I mention this was the case for condensed matter physicists because, as I recall, the astronomers and high energy physicists always stayed away, with their own tea room(s). In due course the theoreticians got their own fancy coffee machine and were no longer to be seen, and over time that whole habit was essentially lost, except possibly amongst the workshop technicians for whom the 30 (I believe) minute breaks were sacrosanct. I note the new Cavendish building, recently fully opened as the Ray Dolby Centre, has preserved the idea of a large tea room, open to anyone without the need to get through the security gates with a University card. It will be interesting to see how it is utilised. I was struck, on arranging a meeting with an active member of the department (as I clearly am no longer) that they chose the canteen as a place to meet, rather than their office.

That is all a long-winded way to say that personal interactions matter, access to people you might not otherwise see during the course of your day crouched over some apparatus or screen. That sense of a community where you can ask naïve questions over a cup of tea as well as discuss the latest gossip is important for science to progress. As Abbott and Maynard say ‘Digital spaces optimize for transaction, not relationships…’ I’ve not forgotten the last huge US conference I went to, now many years ago but already people were sitting in the corridors staring at phones/laptops/tablets rather than attending the talks themselves. I found it deeply dispiriting and have avoided all such conferences since. I didn’t travel across the Atlantic simply to read the emails I could have read more comfortably from my desk.

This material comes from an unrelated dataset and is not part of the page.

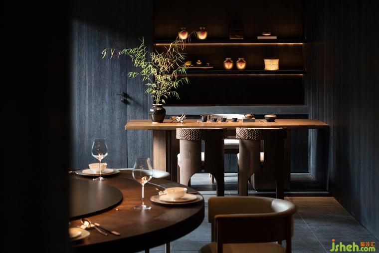 茶室家具延續(xù)空間拙樸,皆簡潔有力摒除細(xì)碎裝點(diǎn),由此形成相對干凈通透的屋子,茶室設(shè)計為味覺搭建一個充裕且不受煩擾的環(huán)境,清幽茶香與環(huán)境結(jié)合一致,方不損茶味。

Abbott and Maynard stress the importance of working in close collaboration and discussions with others in the context of AI, neighbours as well as work colleagues, and the importance of social interactions form the backdrops to another book I’m currently reading: Pete Etchell’s Unlocked about screen time and whether or not it is bad for us, particularly for adolescents. There is mass media discussion of how bad staring at a screen can be for teenagers, but the evidence is far from clear. In part this is because looking at email is vastly different from TikTok, which is different again from gaming or watching a film, let alone doom-scrolling. Obvious though that point is, it isn’t usually possible to detect that level of nuance in headlines. Nevertheless, people matter to adolescents as to PhD students and indeed to (just about) all of us. I am very conscious of this as a retiree, where I no longer have a place of work to go to and could just spend my life staring at a screen, even if I’m reading books on my iPad rather than getting worked up by what I find on social media.

The pandemic upended all our lives, for the current generation of adolescents and those a bit older probably more than for us older folk. I appreciate that I can give webinars without stirring from my desk, or attend committees without suffering the vagaries of the trains (Cambridge to London trains seem to have been particularly unreliable recently), but if chairing I find hybrid meetings unsatisfactory however convenient. I hope we will not voluntarily return to never being in the same room as other people as the default setting which was forced on us during the Covid era; or let AI tell us what it wants us to do, without human intervention and discussion.